**Required work**
Copy all lines containing the string "para" from the records below.
━━ Exercise materials
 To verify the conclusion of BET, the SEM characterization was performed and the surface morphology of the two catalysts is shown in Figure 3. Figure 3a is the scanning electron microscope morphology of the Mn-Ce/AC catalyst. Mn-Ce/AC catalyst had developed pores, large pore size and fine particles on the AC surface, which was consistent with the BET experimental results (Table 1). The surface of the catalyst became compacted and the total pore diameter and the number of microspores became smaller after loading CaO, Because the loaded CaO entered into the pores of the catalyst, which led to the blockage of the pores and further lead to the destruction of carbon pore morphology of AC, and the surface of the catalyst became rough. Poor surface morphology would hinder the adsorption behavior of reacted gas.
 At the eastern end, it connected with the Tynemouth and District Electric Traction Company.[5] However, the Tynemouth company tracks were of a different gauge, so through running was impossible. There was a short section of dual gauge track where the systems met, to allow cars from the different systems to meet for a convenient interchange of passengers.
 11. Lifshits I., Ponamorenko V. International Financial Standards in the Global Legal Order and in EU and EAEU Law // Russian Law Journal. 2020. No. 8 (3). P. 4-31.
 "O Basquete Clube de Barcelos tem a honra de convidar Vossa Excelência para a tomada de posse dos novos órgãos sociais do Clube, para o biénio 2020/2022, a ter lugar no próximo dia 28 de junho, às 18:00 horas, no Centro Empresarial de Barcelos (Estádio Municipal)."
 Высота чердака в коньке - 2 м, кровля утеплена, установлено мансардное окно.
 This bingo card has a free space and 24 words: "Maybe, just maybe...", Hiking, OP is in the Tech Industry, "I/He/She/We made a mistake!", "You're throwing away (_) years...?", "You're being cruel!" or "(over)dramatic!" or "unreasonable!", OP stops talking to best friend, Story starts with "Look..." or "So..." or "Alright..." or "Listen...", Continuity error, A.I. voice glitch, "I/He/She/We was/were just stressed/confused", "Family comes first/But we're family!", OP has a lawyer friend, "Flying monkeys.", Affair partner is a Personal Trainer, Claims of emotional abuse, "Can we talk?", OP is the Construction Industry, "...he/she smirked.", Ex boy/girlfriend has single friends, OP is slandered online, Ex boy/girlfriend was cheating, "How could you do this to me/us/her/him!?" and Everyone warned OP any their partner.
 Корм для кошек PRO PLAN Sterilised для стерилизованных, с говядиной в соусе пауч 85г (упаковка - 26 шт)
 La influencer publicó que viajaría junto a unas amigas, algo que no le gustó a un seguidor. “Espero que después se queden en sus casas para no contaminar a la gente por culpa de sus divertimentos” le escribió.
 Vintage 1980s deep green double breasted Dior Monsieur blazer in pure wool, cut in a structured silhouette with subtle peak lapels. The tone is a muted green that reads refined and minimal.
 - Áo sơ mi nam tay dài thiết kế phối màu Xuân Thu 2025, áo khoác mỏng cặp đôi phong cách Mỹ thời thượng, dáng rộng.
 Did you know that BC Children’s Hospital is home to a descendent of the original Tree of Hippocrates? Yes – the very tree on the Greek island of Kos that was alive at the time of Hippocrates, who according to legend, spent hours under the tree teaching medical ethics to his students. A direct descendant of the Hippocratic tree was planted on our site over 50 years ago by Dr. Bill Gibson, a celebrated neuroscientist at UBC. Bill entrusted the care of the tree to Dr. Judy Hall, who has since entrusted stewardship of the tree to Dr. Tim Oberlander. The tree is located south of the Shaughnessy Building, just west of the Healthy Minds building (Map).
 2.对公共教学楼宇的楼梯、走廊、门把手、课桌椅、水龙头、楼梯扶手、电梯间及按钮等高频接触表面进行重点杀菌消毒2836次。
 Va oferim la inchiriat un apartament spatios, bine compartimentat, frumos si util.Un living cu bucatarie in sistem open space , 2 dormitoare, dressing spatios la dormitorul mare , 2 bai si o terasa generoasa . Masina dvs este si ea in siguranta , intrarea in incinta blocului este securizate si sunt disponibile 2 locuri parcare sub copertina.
━━━━
**Exercise result**
 "O Basquete Clube de Barcelos tem a honra de convidar Vossa Excelência para a tomada de posse dos novos órgãos sociais do Clube, para o biénio 2020/2022, a ter lugar no próximo dia 28 de junho, às 18:00 horas, no Centro Empresarial de Barcelos (Estádio Municipal)."
 La influencer publicó que viajaría junto a unas amigas, algo que no le gustó a un seguidor. “Espero que después se queden en sus casas para no contaminar a la gente por culpa de sus divertimentos” le escribió.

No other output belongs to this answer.